What $5000 a Month Really Buys in Australia
Let’s start with the basics. $5000 a month is $60,000 a year. That’s more than double the average superannuation balance at retirement for Australians over 65, which is around $280,000 according to the Australian Securities and Investments Commission. But income isn’t the same as savings. If you’ve got $60,000 coming in each year from pensions, investments, or super, you’re already ahead of most.
Here’s what that $5000 covers in Sydney, Melbourne, or Brisbane in 2025:
- Housing: If you own your home outright, this is your biggest win. No mortgage means $1500-$2500 a month stays in your pocket. If you’re renting? That’s $2000-$3500 gone before you even buy groceries. Renting on $5000 a month in Sydney is tight.
- Utilities: Electricity, gas, water, internet, and phone add up to $300-$500. With more people working from home or needing medical equipment, these costs keep rising.

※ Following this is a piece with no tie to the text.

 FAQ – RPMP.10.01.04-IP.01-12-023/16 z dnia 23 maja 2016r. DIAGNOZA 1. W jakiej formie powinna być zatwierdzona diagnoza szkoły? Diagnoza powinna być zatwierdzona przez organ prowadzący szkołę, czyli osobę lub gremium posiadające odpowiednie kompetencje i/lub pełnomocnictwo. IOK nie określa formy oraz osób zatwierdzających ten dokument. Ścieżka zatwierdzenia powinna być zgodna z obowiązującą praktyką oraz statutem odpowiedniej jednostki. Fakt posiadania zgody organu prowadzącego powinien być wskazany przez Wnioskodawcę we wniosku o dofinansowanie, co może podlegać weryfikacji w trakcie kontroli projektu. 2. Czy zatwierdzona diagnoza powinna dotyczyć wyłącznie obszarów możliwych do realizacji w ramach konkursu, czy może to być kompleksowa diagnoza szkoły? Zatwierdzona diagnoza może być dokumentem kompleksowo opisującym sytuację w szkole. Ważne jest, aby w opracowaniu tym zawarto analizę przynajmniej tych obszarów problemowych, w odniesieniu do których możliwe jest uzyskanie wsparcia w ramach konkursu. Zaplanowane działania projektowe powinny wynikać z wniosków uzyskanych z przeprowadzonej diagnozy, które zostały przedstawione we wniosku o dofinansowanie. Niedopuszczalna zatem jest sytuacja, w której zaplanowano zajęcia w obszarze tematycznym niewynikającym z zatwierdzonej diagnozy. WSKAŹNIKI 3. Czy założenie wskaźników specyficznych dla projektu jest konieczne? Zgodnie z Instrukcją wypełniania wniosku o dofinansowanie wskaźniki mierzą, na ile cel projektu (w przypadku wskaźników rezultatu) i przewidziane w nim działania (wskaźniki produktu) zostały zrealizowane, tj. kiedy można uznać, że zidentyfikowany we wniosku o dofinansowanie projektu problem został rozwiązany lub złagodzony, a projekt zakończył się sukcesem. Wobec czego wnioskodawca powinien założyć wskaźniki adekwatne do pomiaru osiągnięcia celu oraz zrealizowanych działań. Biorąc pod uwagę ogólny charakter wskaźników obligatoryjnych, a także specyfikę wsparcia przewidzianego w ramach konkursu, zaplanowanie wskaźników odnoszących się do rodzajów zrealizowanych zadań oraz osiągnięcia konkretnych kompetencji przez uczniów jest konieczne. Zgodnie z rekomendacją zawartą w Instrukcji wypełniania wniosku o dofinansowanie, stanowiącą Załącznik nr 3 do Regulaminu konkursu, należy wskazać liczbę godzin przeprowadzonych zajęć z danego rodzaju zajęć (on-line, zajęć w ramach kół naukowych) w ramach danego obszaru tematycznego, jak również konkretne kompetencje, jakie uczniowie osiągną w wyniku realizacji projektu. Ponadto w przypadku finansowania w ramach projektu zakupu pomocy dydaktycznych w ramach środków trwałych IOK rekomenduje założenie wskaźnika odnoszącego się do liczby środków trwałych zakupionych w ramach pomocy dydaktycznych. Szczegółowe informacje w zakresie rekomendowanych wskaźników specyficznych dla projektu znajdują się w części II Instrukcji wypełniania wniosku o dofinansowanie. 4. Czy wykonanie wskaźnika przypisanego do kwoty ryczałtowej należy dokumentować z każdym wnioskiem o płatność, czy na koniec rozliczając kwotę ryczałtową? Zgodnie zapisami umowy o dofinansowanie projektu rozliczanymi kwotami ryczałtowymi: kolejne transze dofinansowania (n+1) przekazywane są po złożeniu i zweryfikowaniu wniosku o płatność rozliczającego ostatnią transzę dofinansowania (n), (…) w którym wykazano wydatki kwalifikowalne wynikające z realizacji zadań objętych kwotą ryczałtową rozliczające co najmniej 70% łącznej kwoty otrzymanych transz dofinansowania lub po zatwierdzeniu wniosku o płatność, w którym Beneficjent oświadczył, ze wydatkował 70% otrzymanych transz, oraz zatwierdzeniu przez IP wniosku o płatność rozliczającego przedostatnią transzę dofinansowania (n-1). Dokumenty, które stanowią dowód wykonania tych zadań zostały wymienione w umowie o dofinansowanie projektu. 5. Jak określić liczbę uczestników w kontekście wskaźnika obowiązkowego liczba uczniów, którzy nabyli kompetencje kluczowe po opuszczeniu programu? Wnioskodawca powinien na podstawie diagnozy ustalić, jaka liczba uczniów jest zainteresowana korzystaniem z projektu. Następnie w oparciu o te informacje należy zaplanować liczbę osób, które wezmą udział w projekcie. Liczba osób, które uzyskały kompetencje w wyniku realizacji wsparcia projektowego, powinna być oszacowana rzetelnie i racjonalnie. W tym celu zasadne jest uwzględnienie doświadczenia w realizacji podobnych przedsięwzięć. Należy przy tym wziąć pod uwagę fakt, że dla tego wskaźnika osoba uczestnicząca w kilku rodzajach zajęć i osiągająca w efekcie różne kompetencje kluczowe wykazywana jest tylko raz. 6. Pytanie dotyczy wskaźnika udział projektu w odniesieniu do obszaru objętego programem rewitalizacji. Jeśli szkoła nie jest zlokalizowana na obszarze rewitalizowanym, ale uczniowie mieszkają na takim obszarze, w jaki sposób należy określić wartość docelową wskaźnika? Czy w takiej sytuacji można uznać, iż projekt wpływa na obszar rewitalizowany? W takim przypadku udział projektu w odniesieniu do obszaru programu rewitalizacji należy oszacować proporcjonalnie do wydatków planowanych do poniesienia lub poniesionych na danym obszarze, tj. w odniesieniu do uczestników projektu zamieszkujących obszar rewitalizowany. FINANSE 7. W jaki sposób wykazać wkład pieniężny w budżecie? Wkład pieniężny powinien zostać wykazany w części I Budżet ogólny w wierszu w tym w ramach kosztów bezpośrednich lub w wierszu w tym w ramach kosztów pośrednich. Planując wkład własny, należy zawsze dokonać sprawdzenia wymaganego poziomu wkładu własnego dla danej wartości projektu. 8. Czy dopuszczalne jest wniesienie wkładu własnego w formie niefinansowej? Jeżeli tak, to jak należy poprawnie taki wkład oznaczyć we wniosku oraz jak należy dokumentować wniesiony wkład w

- Healthcare: Medicare covers basics, but not everything. Dental, glasses, hearing aids, and physiotherapy? You’re paying out of pocket. A single dental crown can cost $1200. Annual out-of-pocket medical costs for retirees average $3500-$5000.

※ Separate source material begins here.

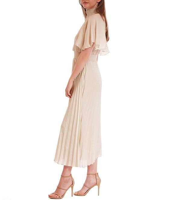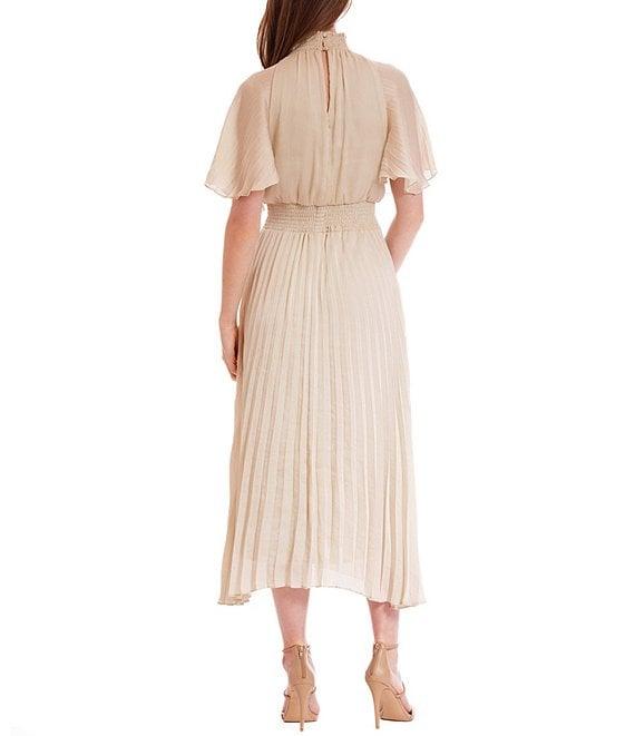 From Julia Jordan, this dress features: Blouson silhouette Satin yoryu fabrication Mock neckline with keyhole back detail Short flutter sleeves Smocked waist seam Pleated skirt Lined Button back closure Approximate length 35" Polyester Hand wash Imported.
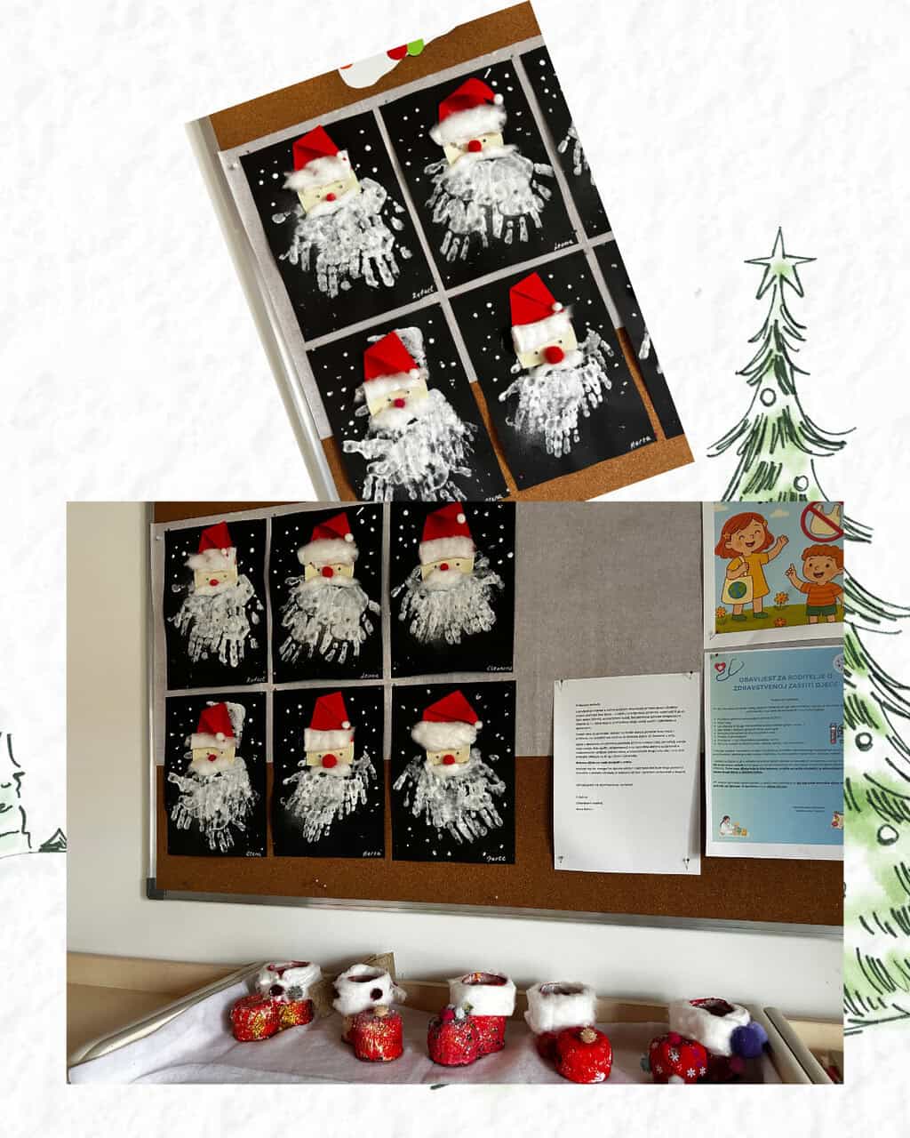 Izrađivali smo božićne čizmice, otiske ruku, motive Djeda Božićnjaka te istraživali različite materijale, boje i šljokice, potičući razvoj osjetila i kreativnog izražavanja. Aktivnosti su bile usmjerene na doživljaj i proces, uz slobodno istraživanje i igru.

- Food: A modest grocery budget for two people is $800-$1000 a month. Add in eating out, coffee, snacks, and special diets (like low-sodium or diabetic-friendly foods), and you’re at $1200+.

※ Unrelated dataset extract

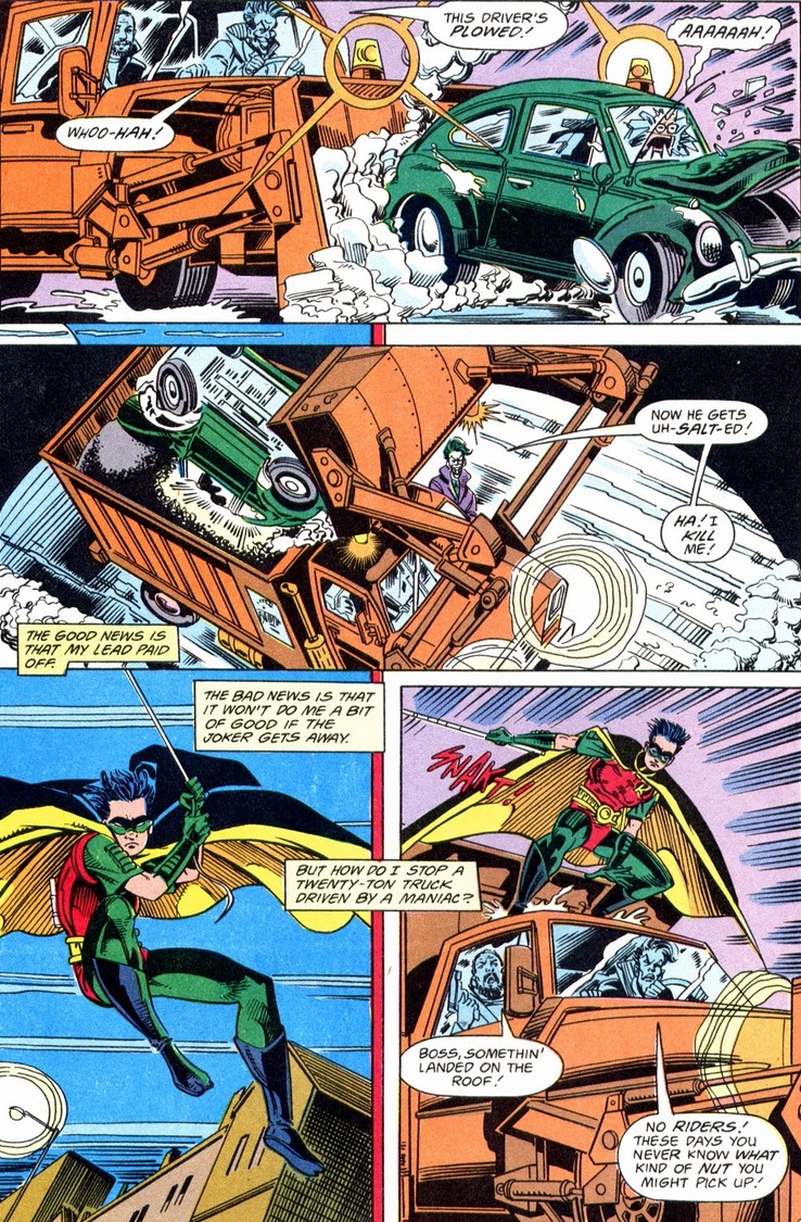 While I like to stick to comics from the past decade or so, we’re going back to 1991. Batman’s out of town foiling some international drug ring or magician riot or whatever. Robin has to patrol the city by himself for the first time. Unfortunately, Joker escaped Arkham and Drake needs to stop Batman’s most dangerous enemy without any backup or help. Will his training and skills be enough? It’s a cool premise for a story. In Robin II: The Joker’s Wild! miniseries, written by Chuck Dixon, we get to see Drake really come into his own as a detective. But we’re going to concentrate on the fistfights.

- Transport: If you own a car, insurance, registration, fuel, and maintenance cost $500-$800 a month. Public transport is cheaper, but not always practical if you live outside the city or need to visit family regularly.
- Leisure and travel: A weekend getaway, a cruise, visiting grandkids across the country-these aren’t luxuries, they’re part of a fulfilling retirement. $500-$1000 a month for this is realistic.
That’s $4500-$5500 already. No wiggle room. No emergency fund. No unexpected costs. One hospital stay, a broken water heater, or a car repair could wipe out your monthly buffer.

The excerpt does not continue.